Outlook Anywhere - Extended Protection

Question

We have two 2019 Exchange Hybrid Servers. We are preparing the Exchange servers for extended protection. I am confused on which of the following commands to run in order to disable SSL Offloading on Outlook Anywhere:

Set-OutlookAnywhere -Identity "EX01\RPC (Default Web Site)" -SSLOffloading $false

Or

Set-OutlookAnywhere -Identity "EX01\RPC (Default Web Site)" -SSLOffloading $false -InternalClientsRequireSsl $true -ExternalClientsRequireSsl $true

Thanks for your help.

Answer 1

The first one for both servers

RUn the healthchecker to verify the prereqs after you set this

Set-OutlookAnywhere -Identity "EX01\RPC (Default Web Site)" -SSLOffloading $false

Answer 2

Hi, first let me explain the difference between the two commands:

1. Set-OutlookAnywhere -Identity "EX01\RPC (Default Web Site)" -SSLOffloading $false

This command disables SSL offloading and ensures that no SSL decryption takes place between the client and the server.That is, no SSL decryption is performed between the client and the server.

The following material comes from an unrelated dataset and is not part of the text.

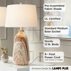 Refresh your decor with this pair of modern table lamps from the 360 Lighting brand. Each lamp features a free-form brown marble pattern crafted from cast resin that offers a natural elegant look. Up top are classic white drum shades. An ideal look for a modern rustic or western style room.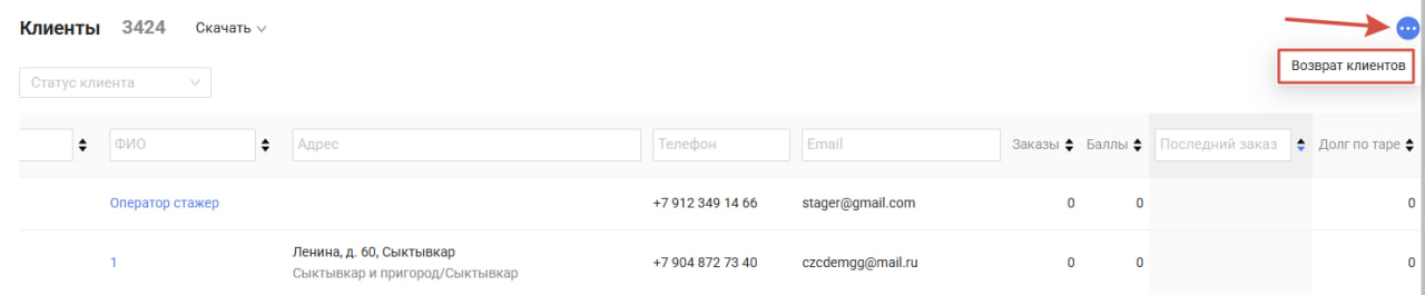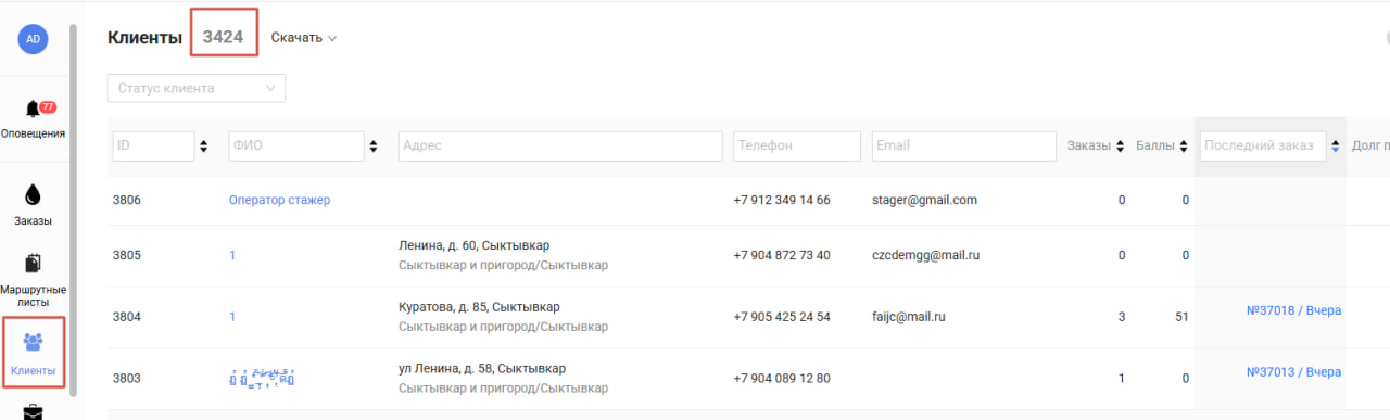 - Просмотр списка клиентов — здесь вы найдете подробную информацию о каждом клиенте. В списке будут указаны ID клиента, ФИО, телефон, email, количество заказов, количество баллов и информация о последнем заказе. При нажатии на последний заказ вы сможете мгновенно перейти в карточку этого заказа. Кроме того, у вас будет возможность сортировать и осуществлять поиск по любым из этих параметров, чтобы легко найти нужную информацию о клиентах.

1. Set-OutlookAnywhere -Identity "EX01\RPC (Default Web Site)" -SSLOffloading $false -InternalClientsRequireSsl $true -ExternalClientsRequireSsl $true

This command not only disables SSL offloading, but also specifies the client requirements:

• -InternalClientsRequireSsl $true: Requires internal clients to use SSL connections.
• -ExternalClientsRequireSsl $true: Requires the external client to use an SSL connection.

According to your content, you don't use outlook anywhere anymore, so you don't need to think about forcing both internal and external clients to use SSL when connecting to Outlook Anywhere.Here I suggest you just use the first cmdlet to disable SSL Offloading on Outlook Anywhere directly.